Abstract

Surveillance studies have shown that <0.1% of coagulase-negative staphylococci are linezolid resistant; however, at our institution, 4% of such organisms were found to be resistant. We investigated the risk factors for and the epidemiological profile of linezolid-resistant coagulase-negative staphylococci. Susceptibility testing and pulsed-field gel electrophoresis were performed to analyze the genetic relatedness of both linezolid-resistant and linezolid-susceptible isolates. Clinical data were retrieved from medical records, and a case-case-control study was performed to identify unique risk factors for linezolid resistance. Isolates recovered from 25 patients with linezolid-resistant coagulase-negative staphylococci were examined; all but 1 of the isolates were identified as Staphylococcus epidermidis, and all but 1 had a minimum inhibitory concentration of linezolid of >256 microg/mL. Pulsed-field gel electrophoresis showed that 21 (84%) of 25 linezolid-resistant isolates exhibited genetic relatedness, whereas linezolid-susceptible isolates were of diverse clones.

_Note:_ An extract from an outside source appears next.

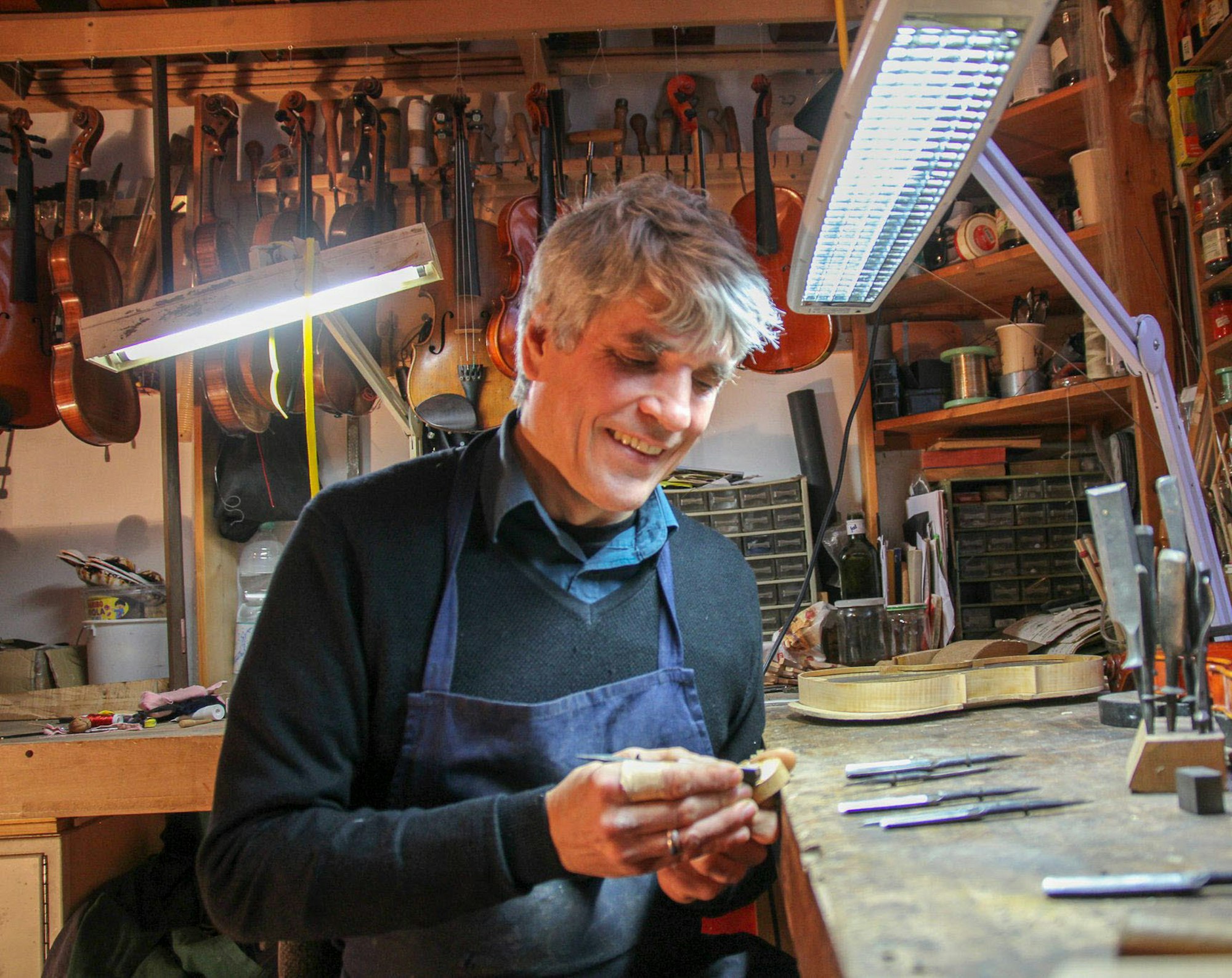 Markus von Wrochem baut am liebsten selbst Geigen. Meist repariert er Instrumente, die ihm gebracht werden.

Unique, independent predictors of linezolid resistance included receipt of linezolid in the 3 months preceding isolation of the coagulase-negative staphylococci (odds ratio, 20.6; 95% confidence interval, 5.8-73.0). Linezolid-resistant coagulase-negative staphylococci have emerged at our institution and are predominately of a single clone. We believe that the most likely scenario to explain this emergence is that person-to-person spread of linezolid-resistant coagulase-negative staphylococci led to establishment of skin colonization with the strain. Subsequent use of linezolid was followed by selection of the linezolid-resistant strain, which then became the dominant skin flora. The potential for a parallel scenario involving clonal dissemination followed by selection of linezolid-resistant methicillin-resistant Staphylococcus aureus is a real possibility.